Measuring the Impact of Reg BI’s Best Interest Requirement

Since coming into force on June 30, 2020, broker-dealers have struggled to define and demonstrate how Reg BI’s Care Obligation assessment of reasonably available alternatives (RAA) is improving client outcomes.

With a couple of years of data available, InvestorCOM conducted an analysis to understand if best interest can be measured, and more importantly if it can improve over time. We examined two years of recommendation data from financial professionals using InvestorCOM PeerCompare and the results of our analysis show that InvestorCOM’s technology is making a positive impact on helping the industry change outcomes.

Peer-based Approach to Assessing Best Interest

InvestorCOM PeerCompare takes a peer-based approach to assessing costs and reasonably available alternatives. In other words, instead of head-to-head comparisons of a limited number of product alternatives, PeerCompare provides a comparison of a product against all its peers in a single-click. An instant rating of a product relative to its peer group keeps the ultimate decision with the financial professional but shrinks the universe of reasonably available alternatives to a meaningful and manageable set of alternatives.


Reg BI's Care Obligation - Recommendation Peer Rating

Figure 1:  Recommendation Peer Rating


Using InvestorCOM’s proprietary Peer Rating algorithm to assess the relative rating of a recommendation, we observed an improvement to the average relative “quality” of a recommendation by 1.5 points on our 10-point rating scale over a 2-year period, a 29 percent improvement.

While the improved trend on recommendation quality was a positive outcome, we examined the data further to test the impact of the assessment of alternatives across cost, risk and return metrics.

Will Considering Alternatives Result in Lower Cost Recommendations?

One of the components of the Peer Rating is the Net Expense Ratio (NER), a significant factor in conflict of interest and best interest considerations. In our analysis, we explored whether the Care Obligation’s requirements would drive recommendations to the lowest cost products.

Reg BI's Care Obligation - Recommendation Net Expense Ratio Ranking

Figure 2: Recommendation Net Expense Ratio Ranking


The data showed that when financial professionals use PeerCompare as part of their recommendations workflow they tend to recommend products with relatively lower investment costs over time. Over the study period, the average relative peer rank of the cost of the recommendation dropped by 35 percent from approximately the 37th percentile to the 24th percentile. This is a significant trend that ultimately benefits the investor and one which we will continue to monitor over time.

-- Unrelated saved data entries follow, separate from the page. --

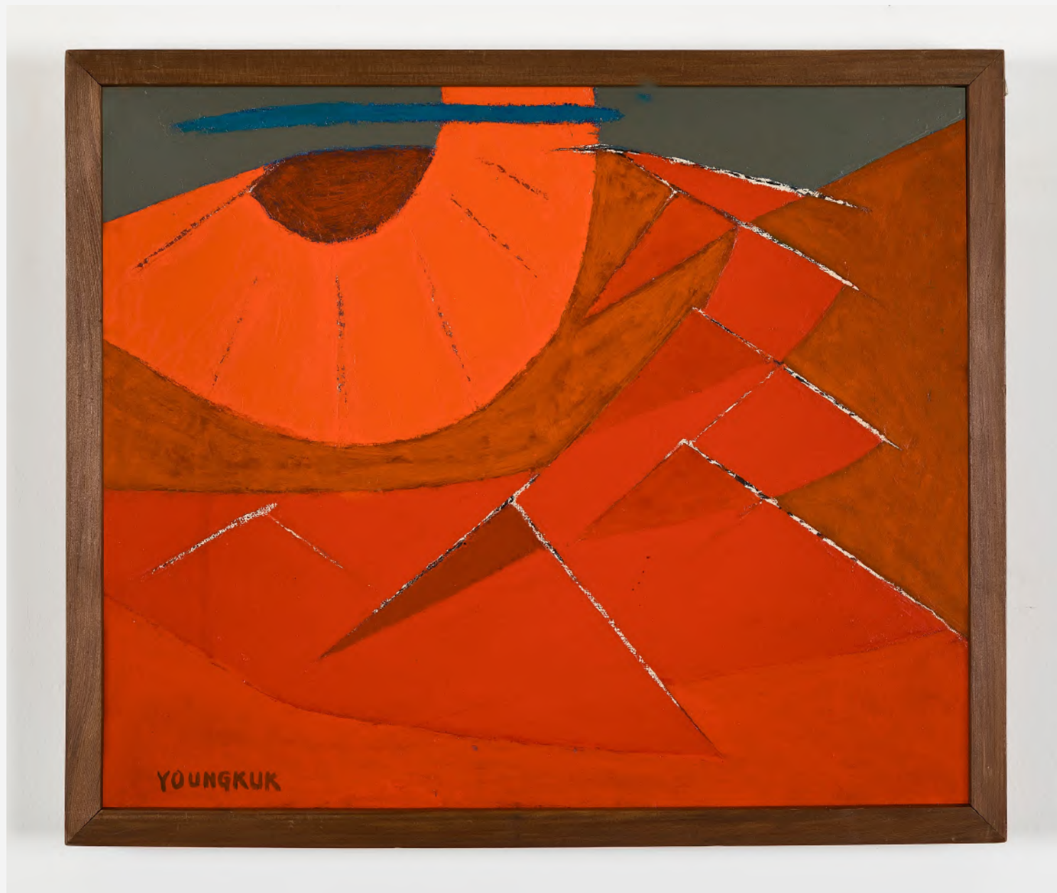
MET DANK AAN GANA ART, SEOUL, LOS ANGELES

Gedomineerd door een levendig rood palet reconstrueert Untitled (1972) beelden uit de natuur via een opeenvolging van geometrische vormen. In het onderste deel van de compositie roept een brede uitgestrektheid bergachtige vormen op, uitgewerkt in vlakken met uiteenlopende toonintensiteit. Scherpe, hoekige lijnen snijden door zachtere, organische krommingen en illustreren zo Yoo's karakteristieke visuele taal. Het werk laat zien hoe de essentie van de natuur wordt onderzocht via de wisselwerking tussen kleur en vorm.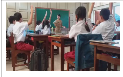
Observation 1 for Teacher 1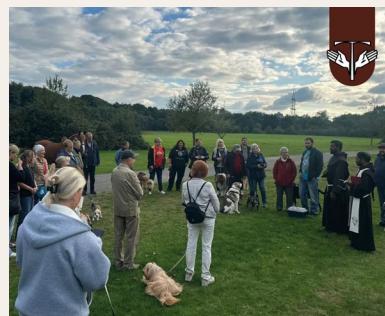
Franziskaner Kloster Cologne, Germany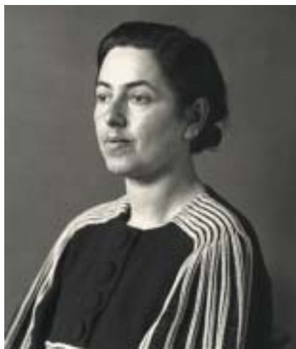
Pronásledovaná.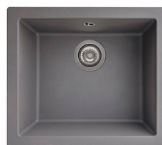
16 : GRIS BÉTON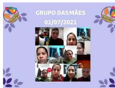
GRUPO DAS MÃES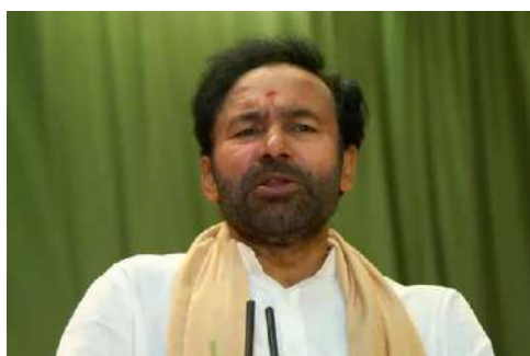
అందించేలా ఆయుష్మాన్ భారత్ పథకాన్ని అమల్లోకి తెచ్చారు. సనత్ సగర్ లోని ఈఎస్ఐసీ, బీబీసగర్ లోని ఎయిమ్స్ ను అన్ని విధాలుగా అభివృద్ధి చేయడం

అమీర్పేట: బీబీసగర్లో నిర్మిస్తున్న ఎయిమ్స్ అనువంతు వచ్చే ఏడాది ఫిబ్రవరి- మార్చి నాటికి ప్రధాని సరోవర మోడి చేతుల మీదుగా ప్రజలకు అందుబాటులోకి తీసుకువస్తామని కేంద్ర మంత్రి జి.కిషన్ రెడ్డి వెల్లడించారు.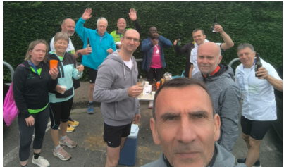
Challenge SOM des forêts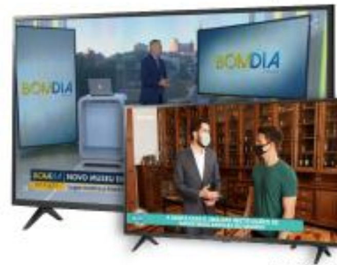
Estúdio C Rede Globo – 17/10/2020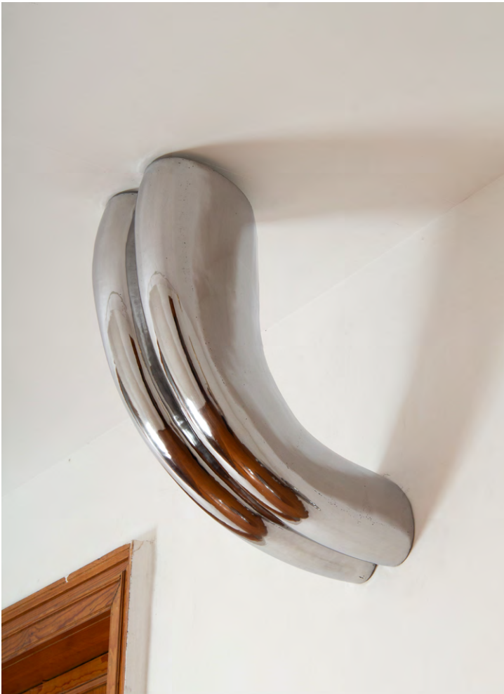
The Big Flow Ceiling to Wall Installation Acero pulido hecho a mano 64 x 61 x 44 cm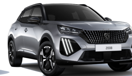
כסוף כהה מטאלי ARTENSE GREY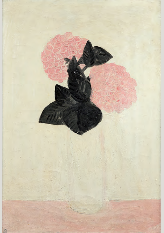
116 – Sanyu, adjudgé 4 080 000 €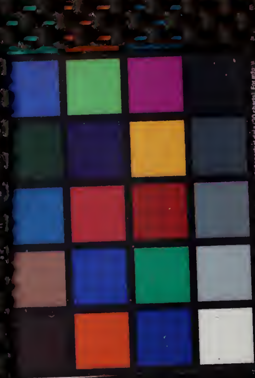
Image provided by Munsell Color Services Lab, Inc. (Munsell Color Services Lab, Inc. is a registered trademark of Munsell Color Services Lab, Inc.)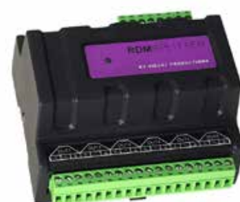
DMX E LIGHTING TOOL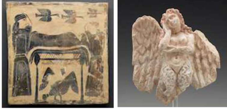
Görsel 16. Cenaze plaketi, Güzel Sanatlar Müzesi, Boston. (Andres, 2020, s. 38).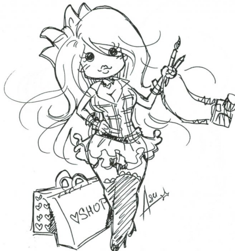
Abb.2 ["Aufgebretzelt mit hübschen Klamotten und mit hübschem Make up und ich hab' in der Hand einen Pinsel und Stifte und eine Fotokamera"]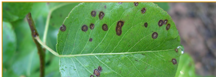
Septoria en peral

Durante la campaña de 2016, aumentaron los daños causados por septoria en algunas zonas de Aragón, pero a la vez se redujeron en otras, probablemente por los cambios que se llevaron a cabo en cuanto a la estrategia de control. Algunas sustancias utilizadas en el control del moteado, están mostrando desde hace años un escaso control de la enfermedad, por ello las parcelas con antecedentes de esta enfermedad deben protegerse contra septoriosis desde el mes de abril, especialmente en zonas húmedas o si se dan periodos de lluvias frecuentes. Para ello les recomendamos el uso durante la primavera de captan 47,5%SC y 80%WG (varios), clortalonil 50%SC (varios), metil tiofanato 70%WG, 70%WP y 50%SC (Varios) o metiram 80%WG (POLYRAM DF-Basf), hay que tener en cuenta que esta última sustancia no debe aplicarse a algunas variedades de peral como Blanquilla, Ercolini y Castell, puesto que puede producir fitotoxicidad. No todas las formulaciones 50%SC de clortalonil y de metil tiofanato están autorizadas en este cultivo.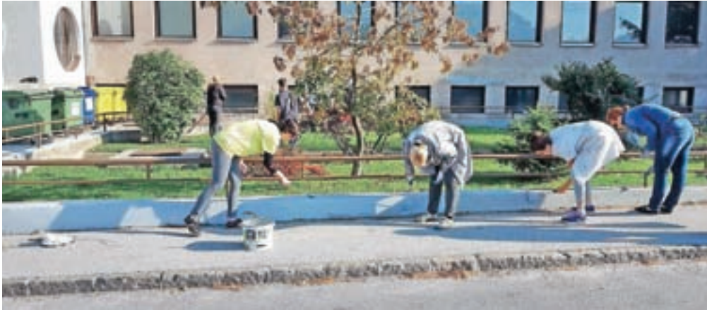
Zaposleni so med drugim prebarvali ograje ...

"Odločili smo se, da uredimo okolico šole, ki je klicala po večjem posegu. Uredili smo športno igrišče, atrij in vrt pred šolo: prepleskali smo oporne zidove, obnovili tekaško stezo, prebarvali otroška igrala, odstranili grmičevje in plevel, pregrabili zelenice, nasadili okrasno cvetje in grmičevje ter uredili okrasno potko na vrtu. Poleg tega smo prebarvali tudi ograje," je povedal Pekolj, ki je pred časom vodil tudi prostovoljno akcijo urejanja otroškega igrišča pri TVD Partizan na Koroški Beli.

Will Returns Justify the Cost?

To justify or offset a possible conflict of interest on recommending high-cost products, we originally planned to test whether financial professionals would begin focusing on products with higher historical returns. With the observed reduction in relative costs, we decided to test if the converse would be true – a sacrifice of historical performance in exchange for a lower cost.

Reg BI's Care Obligation - Recommendation Return Ranking

Figure 3:  Recommendation Return Ranking


When observing historical 3-year returns on mutual fund recommendations, there was a 15-percentile or 34 percent improvement on the average recommendation. This suggests that financial professionals are leveraging PeerCompare beyond making suitable recommendations and exploring and recommending alternatives that are delivering a better cost-return balance.

Continuing to Manage Risk

The third dimension of Peer Rating is risk as measured by a fund’s 3-year standard deviation. Applying InvestorCOM’s balanced scorecard methodology, we tested further to determine whether the observed overall improvement in recommendation quality would also be reflected in the risk dimension.

Reg BI's Care Obligation - Recommendation Risk Ranking

Figure 4:  Recommendation Risk Ranking


The data indicated a gradual and consistent decrease in the relative risk level of recommendations during the analysis period. The average 16 percentile decline in the relative risk metric indicates that amongst reasonable alternatives, recommendation patterns also began to reduce the risk by 31 percent.

Conclusion: Compliance Technology can Enact Behavior Change

We plan on revisiting this analysis to see how the data evolves as Reg BI matures.

Early indications from this study suggest that providing more information through automated solutions can change behaviors and improve outcomes without limiting choice. Best Interest is a term that can be difficult to define and measure, yet InvestorCOM’s proprietary Peer Rating capability is shown to be an effective way to quantify its impact.